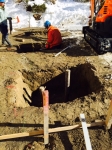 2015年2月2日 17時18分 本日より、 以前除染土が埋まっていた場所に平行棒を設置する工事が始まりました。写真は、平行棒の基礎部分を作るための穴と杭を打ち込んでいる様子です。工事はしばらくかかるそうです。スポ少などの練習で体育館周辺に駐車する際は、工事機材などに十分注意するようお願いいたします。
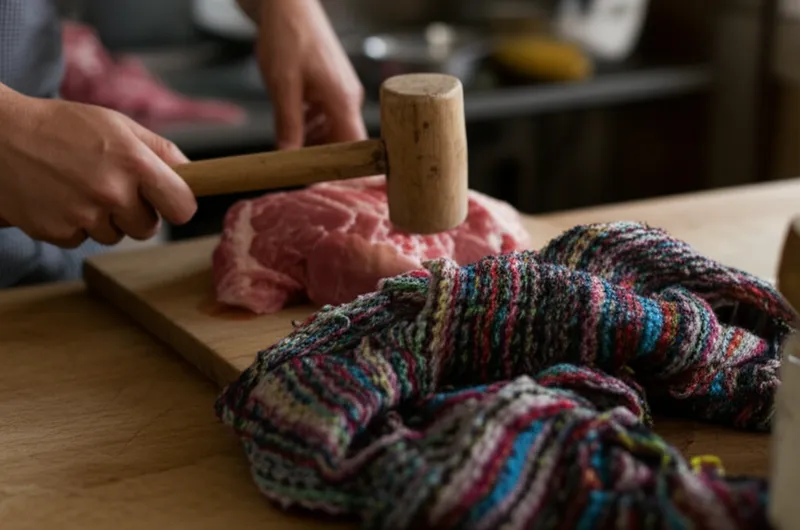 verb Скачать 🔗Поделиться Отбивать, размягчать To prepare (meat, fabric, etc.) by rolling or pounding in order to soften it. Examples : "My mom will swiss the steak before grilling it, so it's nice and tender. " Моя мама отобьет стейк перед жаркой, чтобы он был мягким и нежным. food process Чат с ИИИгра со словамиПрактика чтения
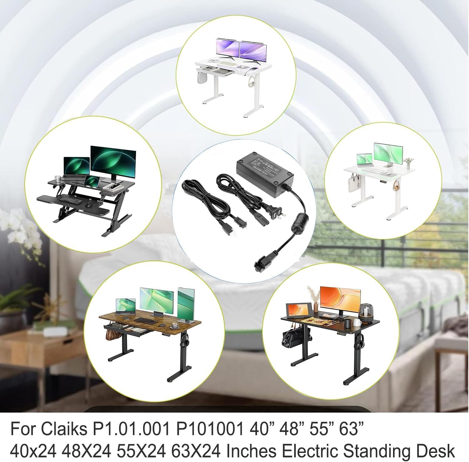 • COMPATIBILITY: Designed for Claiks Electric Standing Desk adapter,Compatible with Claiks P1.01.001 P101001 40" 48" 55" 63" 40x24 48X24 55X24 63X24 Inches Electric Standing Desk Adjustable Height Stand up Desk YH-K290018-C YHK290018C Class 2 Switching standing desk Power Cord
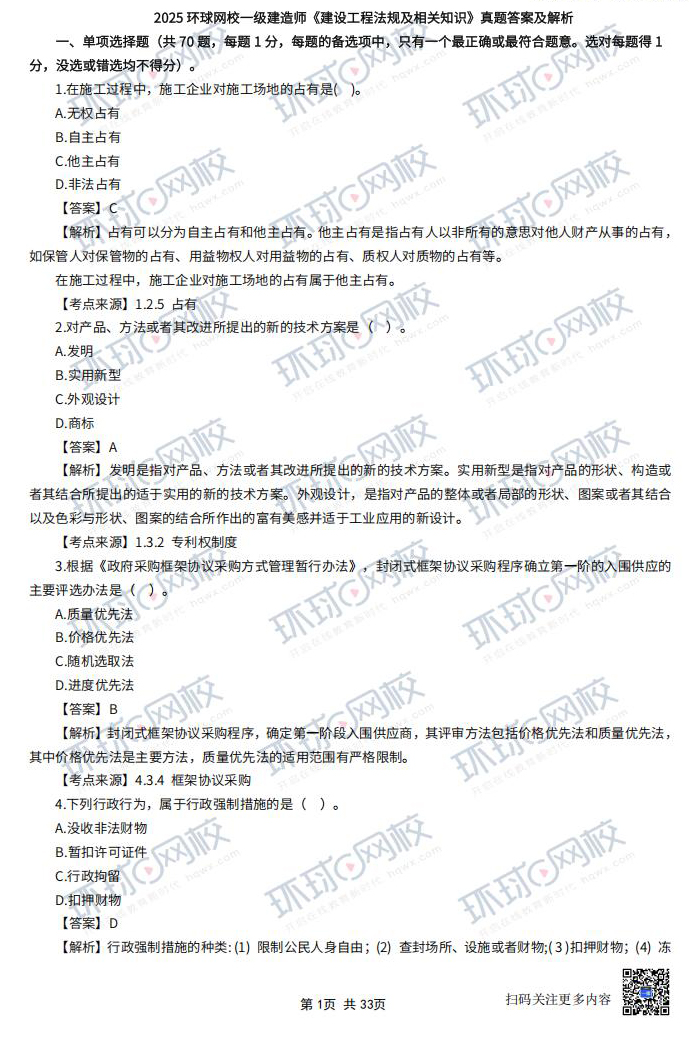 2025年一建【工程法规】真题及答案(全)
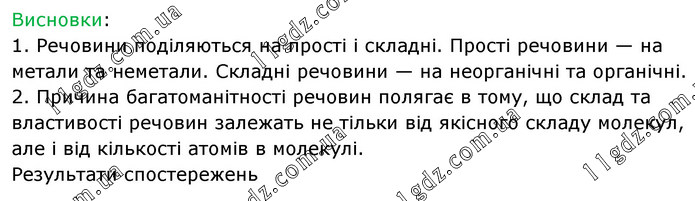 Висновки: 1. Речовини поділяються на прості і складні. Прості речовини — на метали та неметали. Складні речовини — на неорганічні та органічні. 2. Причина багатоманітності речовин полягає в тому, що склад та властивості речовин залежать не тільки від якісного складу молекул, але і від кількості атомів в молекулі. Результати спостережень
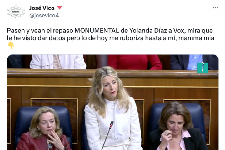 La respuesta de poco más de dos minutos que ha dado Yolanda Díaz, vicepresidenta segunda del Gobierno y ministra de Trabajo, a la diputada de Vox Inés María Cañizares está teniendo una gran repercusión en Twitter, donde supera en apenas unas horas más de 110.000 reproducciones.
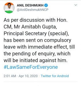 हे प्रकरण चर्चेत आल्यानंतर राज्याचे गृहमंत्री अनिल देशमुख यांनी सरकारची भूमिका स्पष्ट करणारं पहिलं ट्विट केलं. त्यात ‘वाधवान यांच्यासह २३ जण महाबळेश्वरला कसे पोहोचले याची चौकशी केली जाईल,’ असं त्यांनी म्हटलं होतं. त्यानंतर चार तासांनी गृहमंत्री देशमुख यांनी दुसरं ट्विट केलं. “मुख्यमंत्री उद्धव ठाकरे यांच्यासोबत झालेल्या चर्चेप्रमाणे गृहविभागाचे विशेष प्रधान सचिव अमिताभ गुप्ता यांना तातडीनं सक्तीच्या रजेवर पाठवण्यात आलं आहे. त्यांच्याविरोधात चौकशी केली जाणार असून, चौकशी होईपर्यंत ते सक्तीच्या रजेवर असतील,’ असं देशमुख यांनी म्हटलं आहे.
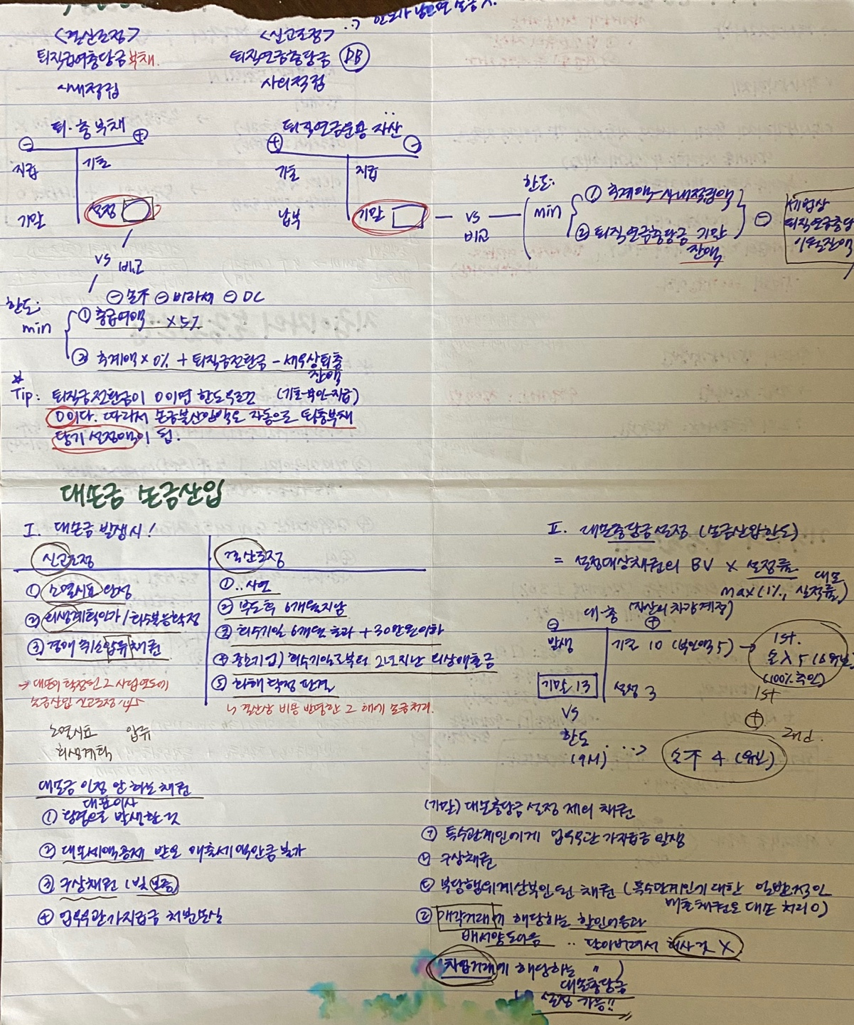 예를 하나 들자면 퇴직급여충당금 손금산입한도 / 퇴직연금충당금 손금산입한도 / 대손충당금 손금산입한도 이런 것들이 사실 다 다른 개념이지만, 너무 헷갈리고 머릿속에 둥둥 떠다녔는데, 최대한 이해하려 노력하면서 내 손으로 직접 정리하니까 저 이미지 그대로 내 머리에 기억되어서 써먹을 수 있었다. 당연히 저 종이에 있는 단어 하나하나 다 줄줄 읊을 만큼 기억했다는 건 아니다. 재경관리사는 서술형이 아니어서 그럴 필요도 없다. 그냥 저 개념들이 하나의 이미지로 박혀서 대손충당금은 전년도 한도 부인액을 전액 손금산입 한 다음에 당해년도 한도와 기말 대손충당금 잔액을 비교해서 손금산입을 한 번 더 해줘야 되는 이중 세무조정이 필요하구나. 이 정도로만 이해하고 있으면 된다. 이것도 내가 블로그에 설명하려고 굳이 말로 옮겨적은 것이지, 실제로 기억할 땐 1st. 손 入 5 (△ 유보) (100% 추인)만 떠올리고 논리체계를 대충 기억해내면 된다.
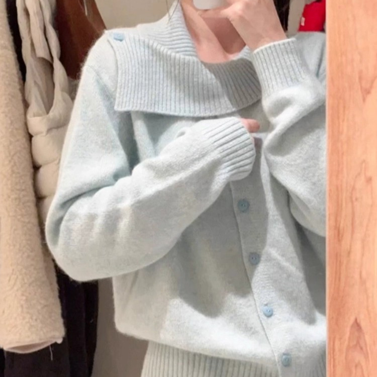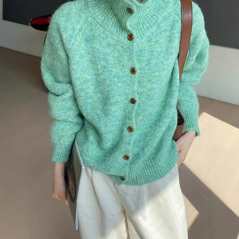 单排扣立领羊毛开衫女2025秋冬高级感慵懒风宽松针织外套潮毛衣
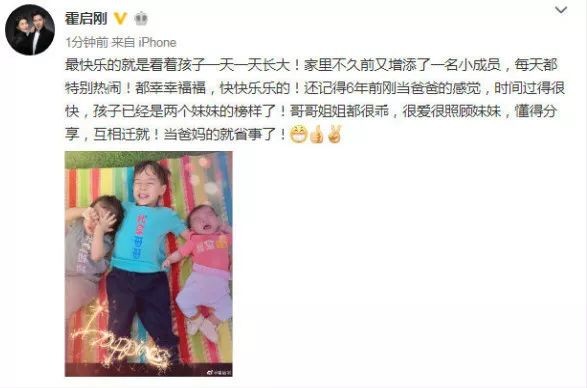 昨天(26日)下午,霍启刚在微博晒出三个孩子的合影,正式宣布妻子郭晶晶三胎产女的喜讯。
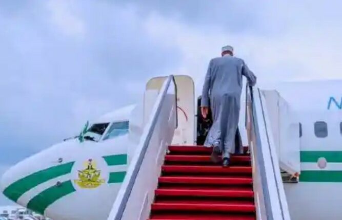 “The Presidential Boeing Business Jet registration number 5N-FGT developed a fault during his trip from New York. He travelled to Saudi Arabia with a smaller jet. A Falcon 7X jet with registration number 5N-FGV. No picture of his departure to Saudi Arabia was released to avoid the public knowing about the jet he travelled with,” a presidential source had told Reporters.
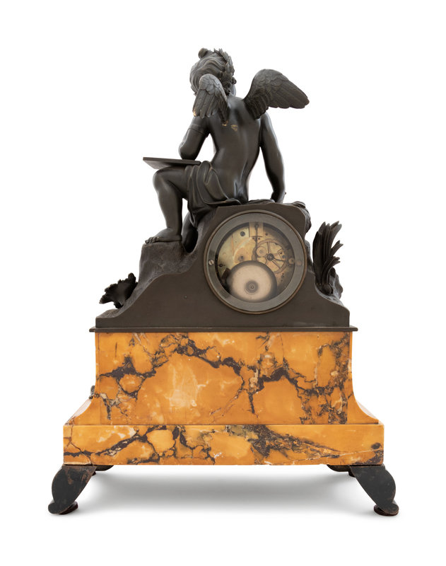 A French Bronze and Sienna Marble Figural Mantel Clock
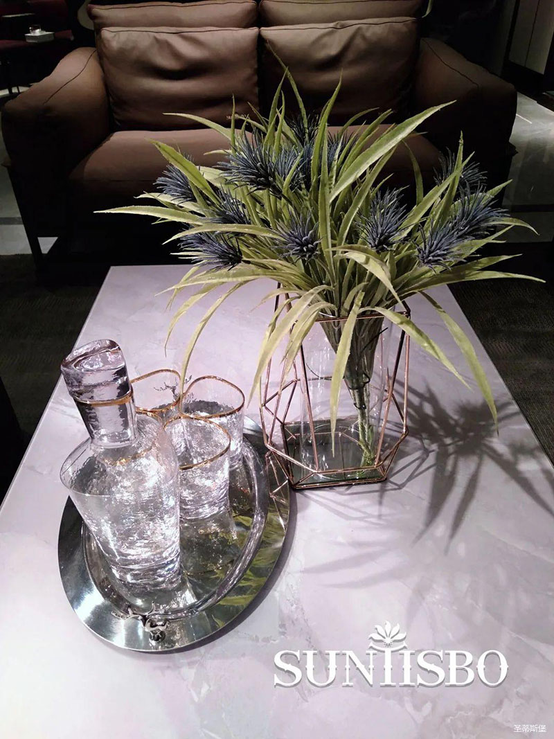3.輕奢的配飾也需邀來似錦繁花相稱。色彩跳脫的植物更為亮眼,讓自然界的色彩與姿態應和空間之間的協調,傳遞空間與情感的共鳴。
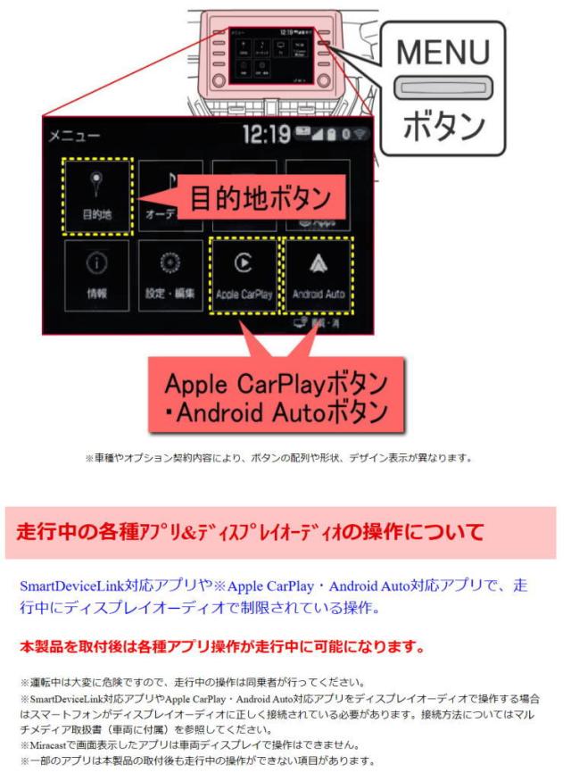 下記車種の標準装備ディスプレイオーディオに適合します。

◆ WHAT YOU WILL DO ◆
Since the pictures are not wanted, transcribe the rest of the listing above exactly.

◆ THE ANSWER ◆
 2015年2月2日 17時18分 本日より、 以前除染土が埋まっていた場所に平行棒を設置する工事が始まりました。写真は、平行棒の基礎部分を作るための穴と杭を打ち込んでいる様子です。工事はしばらくかかるそうです。スポ少などの練習で体育館周辺に駐車する際は、工事機材などに十分注意するようお願いいたします。
 verb Скачать 🔗Поделиться Отбивать, размягчать To prepare (meat, fabric, etc.) by rolling or pounding in order to soften it. Examples : "My mom will swiss the steak before grilling it, so it's nice and tender. " Моя мама отобьет стейк перед жаркой, чтобы он был мягким и нежным. food process Чат с ИИИгра со словамиПрактика чтения
 • COMPATIBILITY: Designed for Claiks Electric Standing Desk adapter,Compatible with Claiks P1.01.001 P101001 40" 48" 55" 63" 40x24 48X24 55X24 63X24 Inches Electric Standing Desk Adjustable Height Stand up Desk YH-K290018-C YHK290018C Class 2 Switching standing desk Power Cord
 2025年一建【工程法规】真题及答案(全)
 Висновки: 1. Речовини поділяються на прості і складні. Прості речовини — на метали та неметали. Складні речовини — на неорганічні та органічні. 2. Причина багатоманітності речовин полягає в тому, що склад та властивості речовин залежать не тільки від якісного складу молекул, але і від кількості атомів в молекулі. Результати спостережень
 La respuesta de poco más de dos minutos que ha dado Yolanda Díaz, vicepresidenta segunda del Gobierno y ministra de Trabajo, a la diputada de Vox Inés María Cañizares está teniendo una gran repercusión en Twitter, donde supera en apenas unas horas más de 110.000 reproducciones.
 हे प्रकरण चर्चेत आल्यानंतर राज्याचे गृहमंत्री अनिल देशमुख यांनी सरकारची भूमिका स्पष्ट करणारं पहिलं ट्विट केलं. त्यात ‘वाधवान यांच्यासह २३ जण महाबळेश्वरला कसे पोहोचले याची चौकशी केली जाईल,’ असं त्यांनी म्हटलं होतं. त्यानंतर चार तासांनी गृहमंत्री देशमुख यांनी दुसरं ट्विट केलं. “मुख्यमंत्री उद्धव ठाकरे यांच्यासोबत झालेल्या चर्चेप्रमाणे गृहविभागाचे विशेष प्रधान सचिव अमिताभ गुप्ता यांना तातडीनं सक्तीच्या रजेवर पाठवण्यात आलं आहे. त्यांच्याविरोधात चौकशी केली जाणार असून, चौकशी होईपर्यंत ते सक्तीच्या रजेवर असतील,’ असं देशमुख यांनी म्हटलं आहे.
 예를 하나 들자면 퇴직급여충당금 손금산입한도 / 퇴직연금충당금 손금산입한도 / 대손충당금 손금산입한도 이런 것들이 사실 다 다른 개념이지만, 너무 헷갈리고 머릿속에 둥둥 떠다녔는데, 최대한 이해하려 노력하면서 내 손으로 직접 정리하니까 저 이미지 그대로 내 머리에 기억되어서 써먹을 수 있었다. 당연히 저 종이에 있는 단어 하나하나 다 줄줄 읊을 만큼 기억했다는 건 아니다. 재경관리사는 서술형이 아니어서 그럴 필요도 없다. 그냥 저 개념들이 하나의 이미지로 박혀서 대손충당금은 전년도 한도 부인액을 전액 손금산입 한 다음에 당해년도 한도와 기말 대손충당금 잔액을 비교해서 손금산입을 한 번 더 해줘야 되는 이중 세무조정이 필요하구나. 이 정도로만 이해하고 있으면 된다. 이것도 내가 블로그에 설명하려고 굳이 말로 옮겨적은 것이지, 실제로 기억할 땐 1st. 손 入 5 (△ 유보) (100% 추인)만 떠올리고 논리체계를 대충 기억해내면 된다.
 单排扣立领羊毛开衫女2025秋冬高级感慵懒风宽松针织外套潮毛衣
 昨天(26日)下午,霍启刚在微博晒出三个孩子的合影,正式宣布妻子郭晶晶三胎产女的喜讯。
 “The Presidential Boeing Business Jet registration number 5N-FGT developed a fault during his trip from New York. He travelled to Saudi Arabia with a smaller jet. A Falcon 7X jet with registration number 5N-FGV. No picture of his departure to Saudi Arabia was released to avoid the public knowing about the jet he travelled with,” a presidential source had told Reporters.
 A French Bronze and Sienna Marble Figural Mantel Clock
3.輕奢的配飾也需邀來似錦繁花相稱。色彩跳脫的植物更為亮眼,讓自然界的色彩與姿態應和空間之間的協調,傳遞空間與情感的共鳴。
 下記車種の標準装備ディスプレイオーディオに適合します。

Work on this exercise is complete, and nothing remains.